Mais Sam Warburton a reconnu que le plan de jeu initial avait trouvé ses limites : « Ce que les gens ont critiqué et que les coachs ont compris, c’est que nous allions trop souvent dans le même sens, jusqu’à faire une passe de plus ou de trop dans le couloir des cinq mètres. On le faisait parce qu’on estimait qu’il y aurait forcément un centre en train de défendre et qu’il suffisait alors de repiquer au centre via une ou deux phases et percer là où ce centre aurait dû être. » En clair, l’objectif était d’étirer les défenses sur la largeur. Mais les bataillons adverses ont réussi à contrer cette, stratégie.
LE TOURNANT DE 2016
En 2016, Gatland et son staff décidèrent de changer de plan de jeu. Ça se passa lors de la tournée 2016 en Nouvelle-Zélande et ce fut un échec (trois défaites à zéro en test plus une déculottée face aux Chiefs). « Oui, on avait un nouveau plan, mais on n’a pas su l’utiliser. Et c’est vrai, on a persisté dans l’ancien schéma… » reconnaît Sam Warburton. À l’automne suivant, le staff gallois arrêta de titulariser Jamie Roberts. Choix crucial. Il fut soudain question pour Howley de faire jouer un « passeur » en premier centre, comme le ferait l’été suivant Gatland avec les Lions (SextonFarrell).

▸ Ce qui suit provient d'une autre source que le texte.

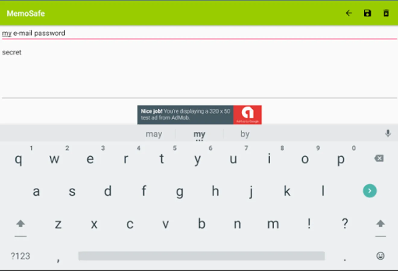 Everyone know this: you are somewhere, and try to remember of an information like a PIN, a password or something similar - and you can't remember. With using MemoSafe these times are over. MemoSafe stores any information enrypted on your device. To gain access, you need to provide a password. Without providing the password no-one is able to gain access to your private information, even if the attacker can get hands on your device. All information are stored by using strong encryption. Critical information like your password are not stored at all.
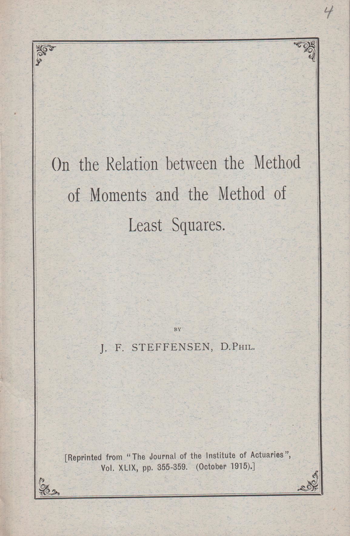 On the Relation between the Method of Moments and the Method of Least Squares. By J.F. Steffensen.
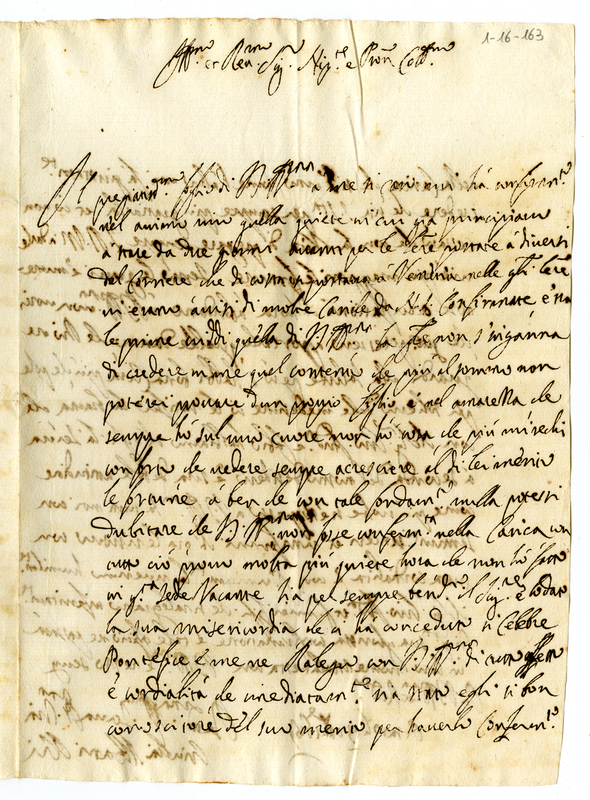 Lettera di Giulia Albani Olivieri degli Abbati a Giovanni Francesco Albani (1689 ottobre13)
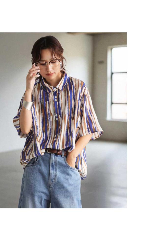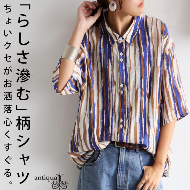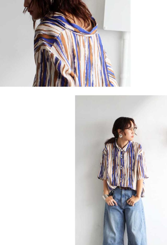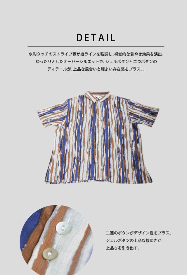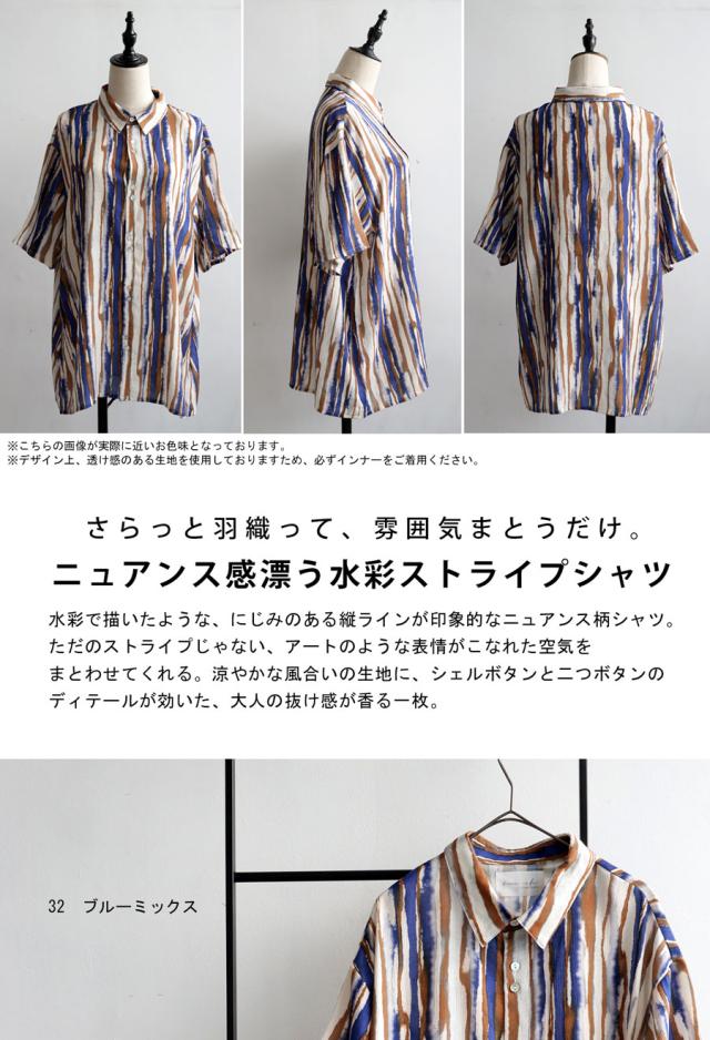 水彩ストライプシャツ レディース 半袖 シャツ 柄 送料無料・(80)メール便可
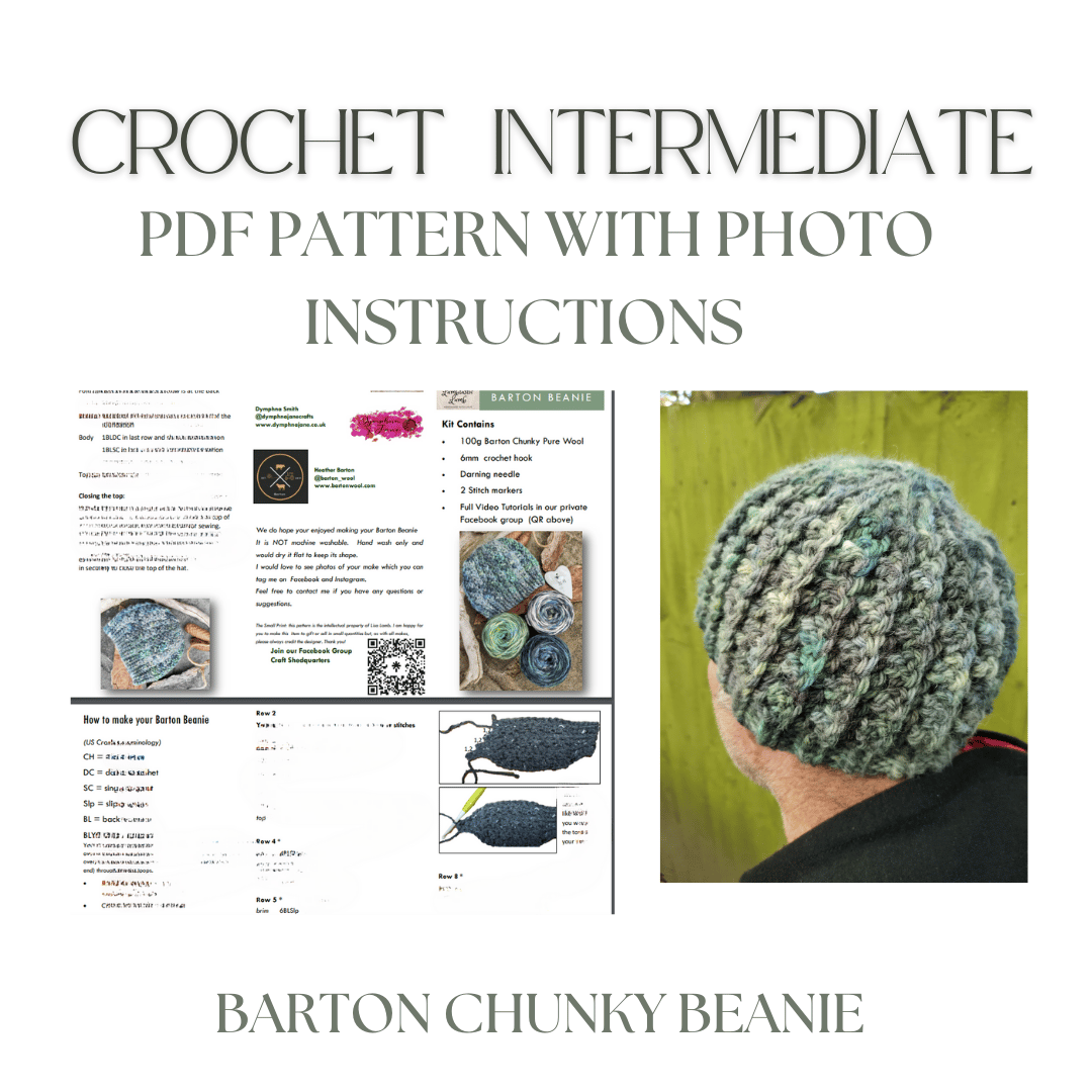 The Barton Beanie is ideal for intermediate crocheters who want to create a cosy, rustic accessory. The Sideways construction offers a snug and stylish fit, enhanced by the rich texture of natural Barton Wool, locally sourced from a Lancashire farmer. The pattern allows for easy size adjustments, and while it's designed with Barton wool in mind, it’s also compatible with Aran or chunky yarns, letting you customise the look and warmth of your beanie.

Les Gallois ont donc essayé de changer de style en cherchant à trouver des intervalles plus en finesse. Gatland et Howley ont essayé Owen Williams, puis Scott Williams et en ce moment le NéoZélandais naturalisé Hadleigh Parkes (Owen Watkin vient aussi de surgir dans ce style). North est resté, mais des ailiers plus fins comme Josh Adams, Hallam Amos, Steff Evans sont arrivés ; sans compter Liam Williams, prototype de l’attaquant d’espace. Gatland et ses adjoints ont donc un long parcours gallois derrière eux, il est moins monolithique qu’on le dit. Quelques rumeurs bruissaient dans les coulisses du cap d’entraînement des Gallois. Et si c’était les Anglais qui avaient raison dans leur utilisation si efficace du jeu au pied ? Pour contourner le mur adverse, Gatland a réfléchi à deux ou trois trucs assez proches de ce que font les Scarlets en Ligue celte (chip and chase ou kick and chase).
Il a aussi pensé à la bataille aérienne avec des spécialistes comme Liam Williams et George North. Le gourou gallois n’a pas qu’une seule corde à son arc.